Images uploaded to Streamlit apps will have a 'BytesIO' format, so we need to convert them to a NumPy array first. Lines 6-7 accomplish this. The rest is fairly self-explanatory.

Now, we create two image input components - one for file uploads and another for a web-cam input:

```python
def main():
    img_file = st.file_uploader("Upload an image", type=["jpg", "png"])
    if img_file is not None:

        with st.spinner("Predicting..."):
            prediction = float(predict(img_file).strip("[").strip("]"))
            st.success(f"Your pet's cuteness score is {prediction:.3f}")

    camera_input = st.camera_input("Or take a picture")
    if camera_input is not None:

        with st.spinner("Predicting..."):
            prediction = float(predict(camera_input).strip("[").strip("]"))
            st.success(f"Your pet's cuteness score is {prediction:.3f}")

if __name__ == "__main__":
    main()
```



When used, both of these components will display a simple animation for standby and then returns a cuteness score.
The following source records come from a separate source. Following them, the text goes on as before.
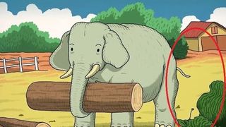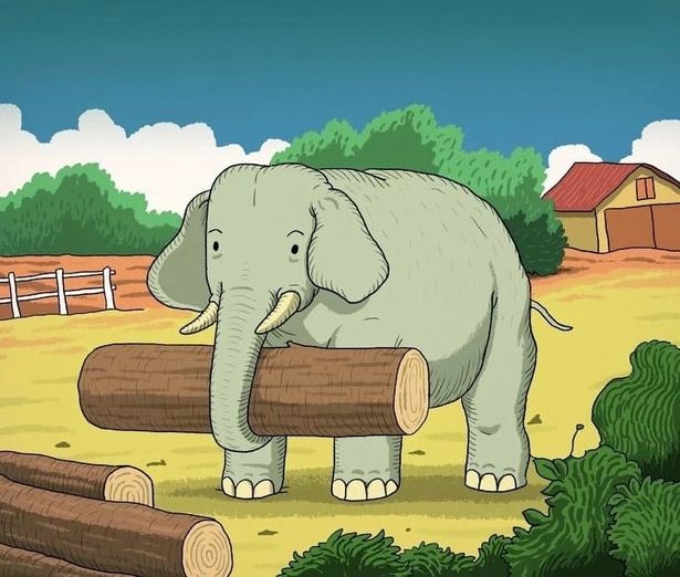 Întrebarea e simplă și clară: poți observa capul de cal ascuns în imaginea cu elefantul care cară lemne de mai jos?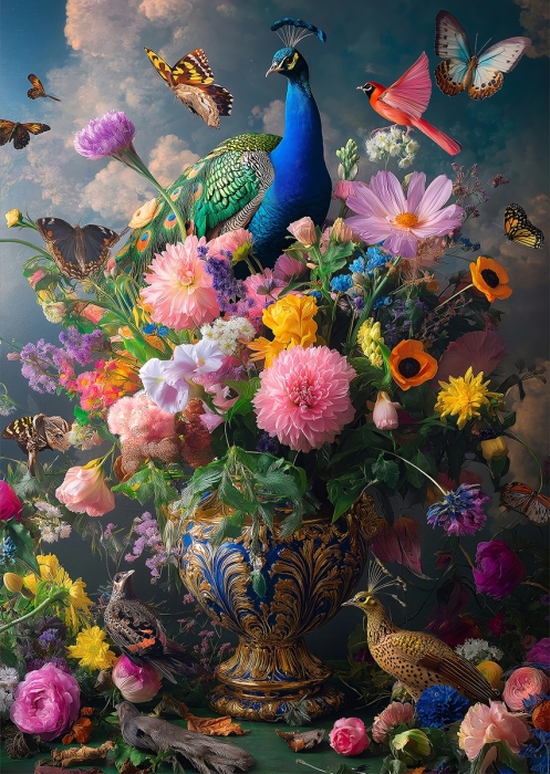 Powerfull peacock II op glas 70x100 gth451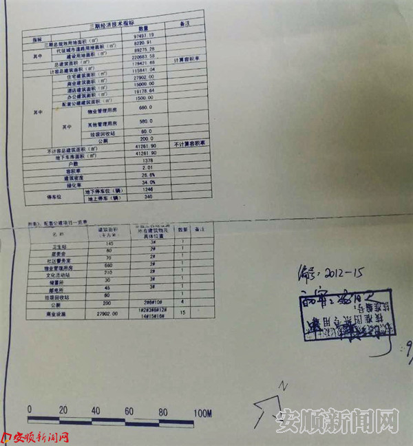 随后,记者查看了规划图纸,图纸上有规划部门2012年的核准盖章。该图分为“三期经济技术指标”和“配套公建项目一览表”,其中,停车位规划部分明确标注地上车位为340个。
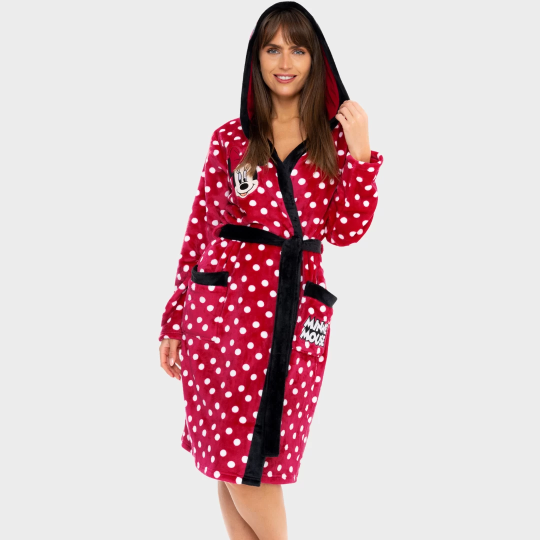 Bring back Disney to your cosy winter evening with this sumptuously soft Ladies Minnie Mouse robe. Featuring the classic Minnie polka dot and a tie belt fastening this is the perfect ladies dressing gown for cosy evenings. The luxurious soft fleece feel and cute Minnie design will cheer you up on even the gloomiest of winter evenings. For ultimate comfort this ladies Minnie bathrobe also has a hood.

Here is our app in action:

![](images/app_demo.gif)

Now, after you've pushed these changes to GitHub, you can deploy your app online by going to https://share.streamlit.io/deploy:

![image.png](attachment:e555f0b4-43ee-4a24-9776-85c299cedc31.png)

Here is my deployed app: https://share.streamlit.io/bextuychiev/pet_pawpularity/ui/src/ui.py

### Conclusion

Congratulations! You've just built an entire image application with an awesome UI for all users and its own API for your programmer friends or teammates.